RELUCTANT MCCAIN BOOSTER

Jackson was slow to warm up to John McCain. During the primaries, Jackson even suggested, a la Dobson, that if the Republicans ended up nominating someone not to evangelicals’ liking they might hold their nose and vote for him, but that a third-party option “is not out of the question as a long-term solution.”

In a May 2008 column, he was showing some hope, writing, “Although many Christians don’t want to acknowledge that we are in a cultural war, millions will gather to support a leader who champions our cause. Let’s ask McCain if he will rise to a challenge.”   Later that month, though, when McCain distanced himself from right-wing televangelists John Hagee and Rod Parsley after media attention focused on their extremism, Jackson decried McCain’s “credibility gap” with evangelicals. “He sought them out in a pandering sort of way, and then he publicly ridiculed them.” Jackson touted Huckabee as a vice presidential pick, encouraging Bobby Jindal to “stay out of this.”

Later he mellowed, after viewing an interview initially broadcast on Trinity Broadcasting Network in which McCain talked about the role of religion in his life.  In August 2008, Jackson was among those who watched a screening of the interview with McCain and some staff.  “It was very clear in the TBN interview that he was saying he was one of us, one of the evangelical fold,” Jackson enthused.  “This guy is not avoiding a discussion about his faith because he doesn’t have faith.  It’s because he doesn’t want to merchandize his faith.”  It was also in August that Jackson threatened that McCain’s potential selection of a pro-choice running mate would cost him the election.

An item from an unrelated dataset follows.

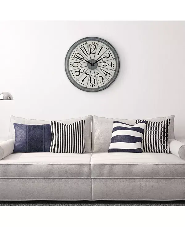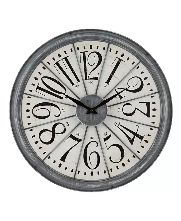 Сочетание 20-дюймовой металлической рамы с деревянным циферблатом дополнит комнату в деревенском стиле. Промышленный дизайн с металлическими сегментированными часами и черными металлическими стрелками. Точный кварцевый механизм и работа от одной батарейки, что позволяет повесить часы на любую стену.

Jackson joined other Religious Right leaders in rallying around McCain after the presidential forum at Rick Warren’s Saddleback Church, in which McCain answered Warren’s series of social-conservative softballs with short answers that were exactly what the Religious Right wanted to hear.  “I think that Senator McCain closed the deal,” Jackson said. “Many evangelicals will vote for him.”

Even though he had touted Huckabee, Jackson was pleased with the selection of Sarah Palin, which he told Charisma magazine “marks the fact that Charismatics have become mainstream” and whose candidacy he called “a watershed moment for our movement.”

Abortion as Genocide


Like other Religious Right leaders, Jackson says that legal abortion will bring the wrath of God on the nation.  Jackson frequently refers to abortion as genocide directed against the African American community, and to Religious Right audiences he sometimes offers a mea culpa for not always having been as outspoken on the issue as he should have. At “The Call” on the National Mall in August 2008, Jackson argued that if American Christians don’t rise up to end abortion, the nation and the Black Church could come under the judgment of God, which would come in the form of dirty nuclear bombs, anthrax attacks, and an economy that goes into the toilet.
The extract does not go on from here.